--- DATA SUPPLIED ---

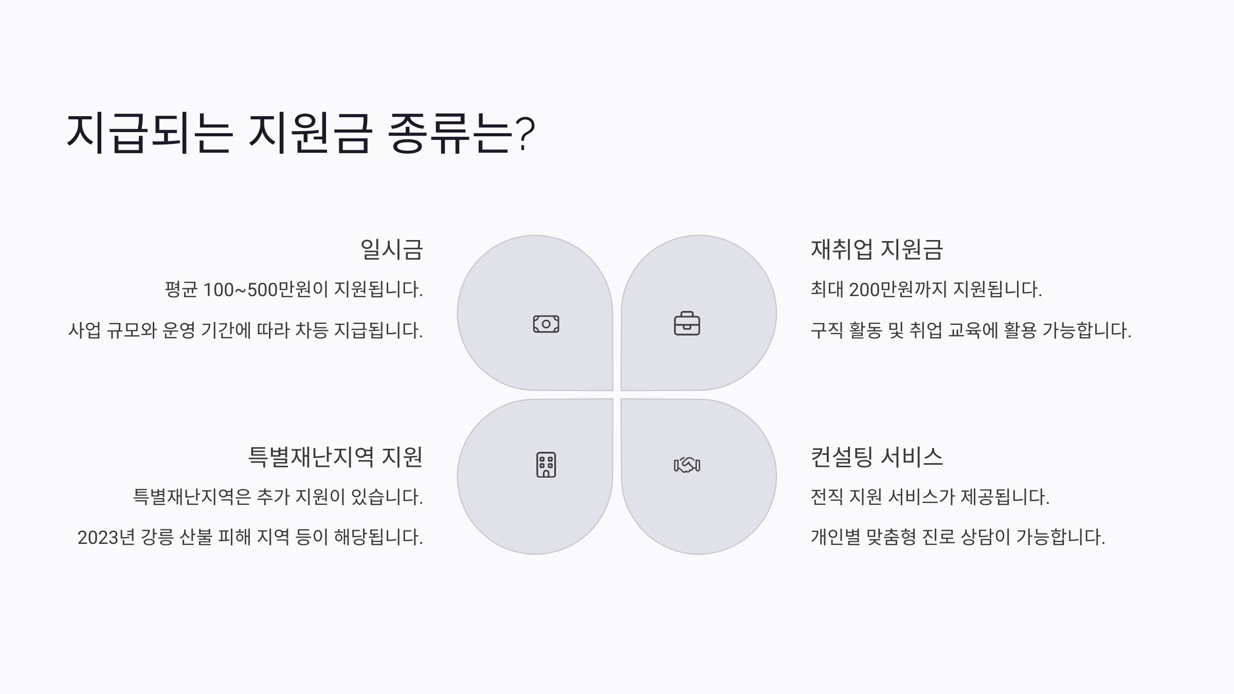 폐업 후 받을 수 있는 지원금은 한 가지가 아니에요! 상황에 따라 받을 수 있는 종류가 다양하고, 중복 신청도 가능한 경우가 있어요. 가장 대표적인 건 ‘재도전 장려금’인데, 이 외에도 ‘점포 철거 지원금’, ‘전직장려수당’, ‘폐업 소상공인 특별융자’ 등이 있어요.‘재도전 장려금’은 사업을 마무리하고 다시 도전하는 사람을 위한 기본형 지원이에요. 최대 100만원까지 정액 지급되고, 심사 기준이 비교적 단순해서 가장 많이 신청하는 형태예요. 실제로 신청자 수 기준으로 가장 인기가 많아요.
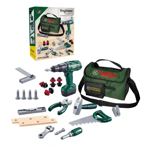 Pack Con 27 Unidades. ¡Ponte Manos a la Obra y Dale Rienda Suelta a tu Imaginación y Creatividad Con Este Fantástico Pack de Herramientas Con Bolso y Taladro! Los Pequeños Constructores de la Casa Podrán Reparar o Crear Casi Cualquier Cosa Que se Imaginen Llenas de un Toque de Diversión. Este Set Incluye 27 Piezas Que Todo Constructor Necesita Incluyendo un Taladro Que Funciona de Verdad y un Bolso Para Que Lleven Todos Sus Materiales a Donde Quiera Que lo Necesiten Diseñado Con Mejor Plástico no Tóxico Para Una Mayor Diversión y Durabilidad. Con Este Juguete Tus Pequeños Aprenderán a Conocer Los Fundamentos de la Comunicación y la Cooperación Fomentando la Confianza la Amistad y el Desarrollo Lingüístico. También Fomenta a Que Creen un Juego Imaginativo Promoviendo la Historia de Fantasía el Juego de Rol y la Creatividad. El Taladro Requiere de 2 Pilas AA no Incluidas.
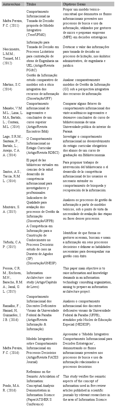 O modelo desenvolvido por Mafra Pereira (2010), e que foi o marco teórico deste trabalho, já foi referenciado em outros estudos nos campos da Ciência da Informação e Gestão da Informação, tanto em nível nacional, quanto internacional, como pode ser constatado na Tabela 1, o que garante ainda mais a escolha e a (re) validação do referido modelo para o objetivo a que se propôs esse trabalho.
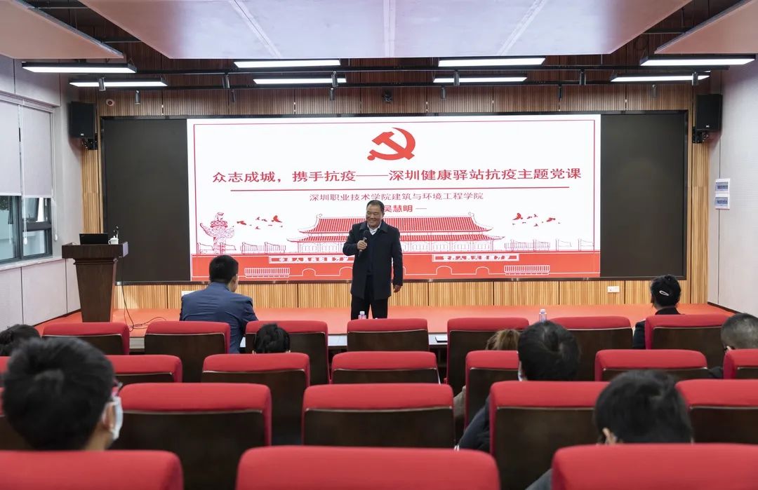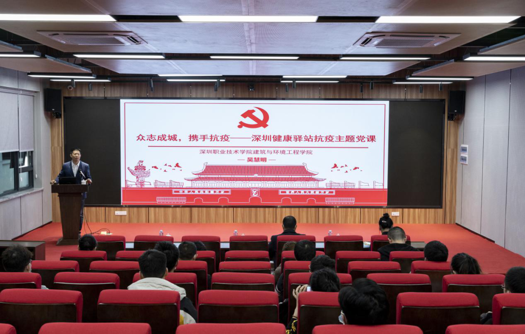 吳慧明開展了主題為“眾志成城,攜手抗疫——深圳健康驛站抗疫”的主題黨課。吳慧明在黨課上根據(jù)親身經(jīng)歷,講述了2020年春節(jié)在新型冠狀病毒肺炎肆虐期間,在羅湖隔離酒店開展防疫工作的情況。課堂上,吳慧明圍繞“深圳街道健康驛站抗疫背景”、“深圳街道健康驛站抗疫結(jié)構(gòu)”、“深圳街道健康驛站抗疫事跡”三個(gè)方面講述了在一線參與抗疫的奮斗歷程和經(jīng)驗(yàn)做法,并分享了感悟體會。
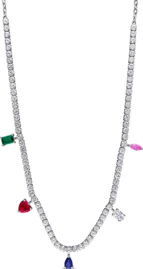 Add a splash of color to your look with this Lab-Created Multi-Gemstone Charm Station Necklace. Crafted in sterling silver, this 17-inch necklace features an array of vibrant lab-created gemstones, including emerald, ruby and blue, pink and white sapphires, each delicately set in a charming station design. The mix of shapes and colors creates a playful yet elegant accessory, perfect for adding a touch of whimsy and sophistication to any outfit.
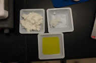 Usted tendrá que determinar los ingredientes de su jabón usando una calculadora de jabón, utilizamos www.soapcalc.net. Los ingredientes que usamos fueron aceite de coco, aceite de oliva, Walmart grasa vegetal y azúcar morena. El equipo que se requería era un vaso de precipitados de 1 litro, un plato caliente, solución de NaOH de 10,3 M de 150 mL, un termómetro y moldes para tu jabón terminado. Algunas precauciones que deba ser tenido en cuenta antes de comenzar el laboratorio. Gafas de seguridad deben llevarse en todo momento junto con guantes debido a las características básicas de hidróxido de sodio que se utilizará a lo largo de este laboratorio. Si hidróxido de sodio debe entrar en contacto con su piel en cualquier momento un agente de neutralización, como vinagre, debe aplicar y luego frotó con agua hasta que quede completamente limpia. Un agente de neutralización debe ser disponible en todo momento a lo largo de este laboratorio.
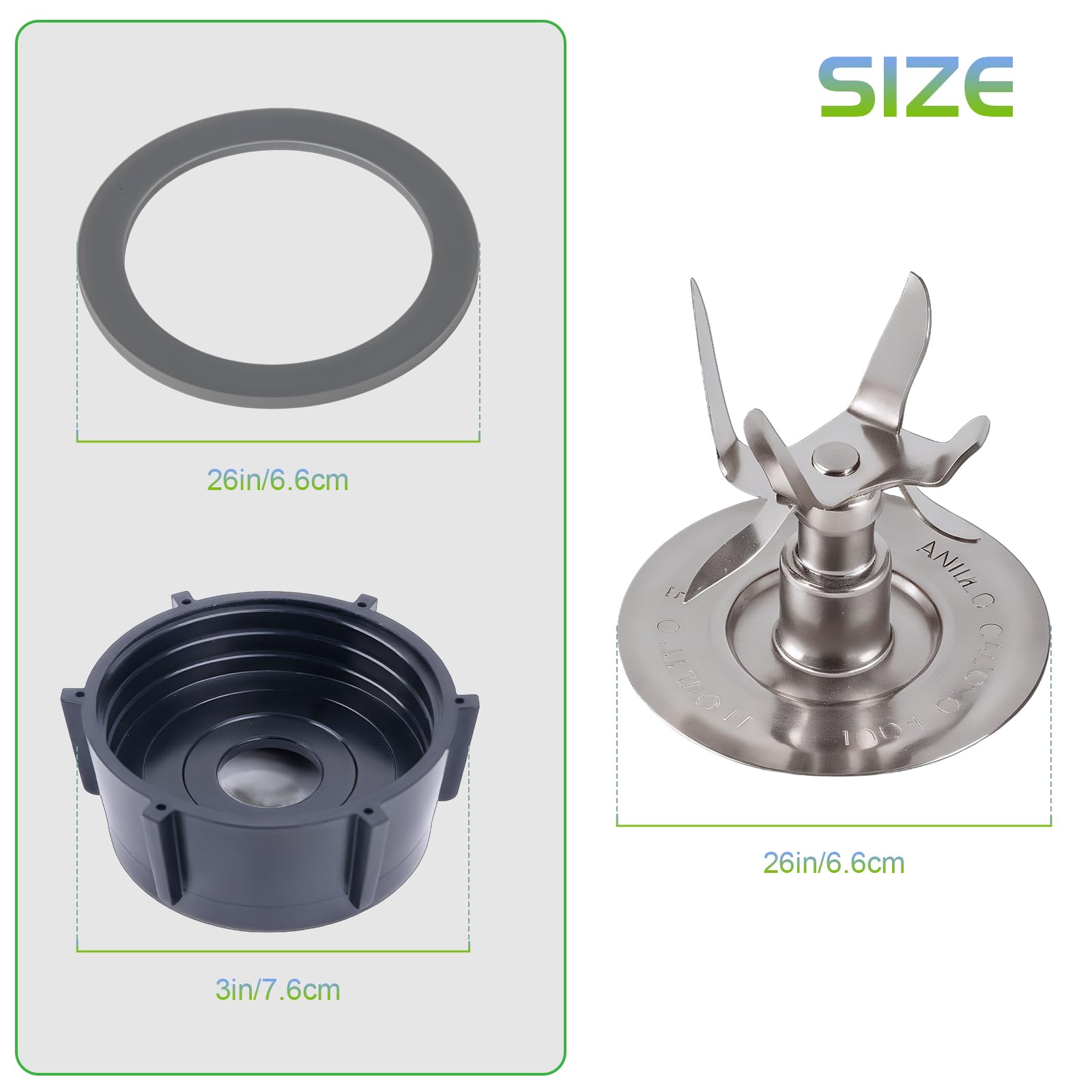 What's Included: This 4-piece replacement kit includes 1x 6-fin stainless steel ice-crushing blade, 1x blender jar base cap, and 2x durable rubber O-ring seal gaskets for a complete refresh of your Oster blender.

---

### TASK PROMPT
Write out the material above exactly, and omit the pictures it holds.

### SOLUTION TO THIS PROBLEM
 폐업 후 받을 수 있는 지원금은 한 가지가 아니에요! 상황에 따라 받을 수 있는 종류가 다양하고, 중복 신청도 가능한 경우가 있어요. 가장 대표적인 건 ‘재도전 장려금’인데, 이 외에도 ‘점포 철거 지원금’, ‘전직장려수당’, ‘폐업 소상공인 특별융자’ 등이 있어요.‘재도전 장려금’은 사업을 마무리하고 다시 도전하는 사람을 위한 기본형 지원이에요. 최대 100만원까지 정액 지급되고, 심사 기준이 비교적 단순해서 가장 많이 신청하는 형태예요. 실제로 신청자 수 기준으로 가장 인기가 많아요.
 Pack Con 27 Unidades. ¡Ponte Manos a la Obra y Dale Rienda Suelta a tu Imaginación y Creatividad Con Este Fantástico Pack de Herramientas Con Bolso y Taladro! Los Pequeños Constructores de la Casa Podrán Reparar o Crear Casi Cualquier Cosa Que se Imaginen Llenas de un Toque de Diversión. Este Set Incluye 27 Piezas Que Todo Constructor Necesita Incluyendo un Taladro Que Funciona de Verdad y un Bolso Para Que Lleven Todos Sus Materiales a Donde Quiera Que lo Necesiten Diseñado Con Mejor Plástico no Tóxico Para Una Mayor Diversión y Durabilidad. Con Este Juguete Tus Pequeños Aprenderán a Conocer Los Fundamentos de la Comunicación y la Cooperación Fomentando la Confianza la Amistad y el Desarrollo Lingüístico. También Fomenta a Que Creen un Juego Imaginativo Promoviendo la Historia de Fantasía el Juego de Rol y la Creatividad. El Taladro Requiere de 2 Pilas AA no Incluidas.
 O modelo desenvolvido por Mafra Pereira (2010), e que foi o marco teórico deste trabalho, já foi referenciado em outros estudos nos campos da Ciência da Informação e Gestão da Informação, tanto em nível nacional, quanto internacional, como pode ser constatado na Tabela 1, o que garante ainda mais a escolha e a (re) validação do referido modelo para o objetivo a que se propôs esse trabalho.
 吳慧明開展了主題為“眾志成城,攜手抗疫——深圳健康驛站抗疫”的主題黨課。吳慧明在黨課上根據(jù)親身經(jīng)歷,講述了2020年春節(jié)在新型冠狀病毒肺炎肆虐期間,在羅湖隔離酒店開展防疫工作的情況。課堂上,吳慧明圍繞“深圳街道健康驛站抗疫背景”、“深圳街道健康驛站抗疫結(jié)構(gòu)”、“深圳街道健康驛站抗疫事跡”三個(gè)方面講述了在一線參與抗疫的奮斗歷程和經(jīng)驗(yàn)做法,并分享了感悟體會。
 Add a splash of color to your look with this Lab-Created Multi-Gemstone Charm Station Necklace. Crafted in sterling silver, this 17-inch necklace features an array of vibrant lab-created gemstones, including emerald, ruby and blue, pink and white sapphires, each delicately set in a charming station design. The mix of shapes and colors creates a playful yet elegant accessory, perfect for adding a touch of whimsy and sophistication to any outfit.
 Usted tendrá que determinar los ingredientes de su jabón usando una calculadora de jabón, utilizamos www.soapcalc.net. Los ingredientes que usamos fueron aceite de coco, aceite de oliva, Walmart grasa vegetal y azúcar morena. El equipo que se requería era un vaso de precipitados de 1 litro, un plato caliente, solución de NaOH de 10,3 M de 150 mL, un termómetro y moldes para tu jabón terminado. Algunas precauciones que deba ser tenido en cuenta antes de comenzar el laboratorio. Gafas de seguridad deben llevarse en todo momento junto con guantes debido a las características básicas de hidróxido de sodio que se utilizará a lo largo de este laboratorio. Si hidróxido de sodio debe entrar en contacto con su piel en cualquier momento un agente de neutralización, como vinagre, debe aplicar y luego frotó con agua hasta que quede completamente limpia. Un agente de neutralización debe ser disponible en todo momento a lo largo de este laboratorio.
 What's Included: This 4-piece replacement kit includes 1x 6-fin stainless steel ice-crushing blade, 1x blender jar base cap, and 2x durable rubber O-ring seal gaskets for a complete refresh of your Oster blender.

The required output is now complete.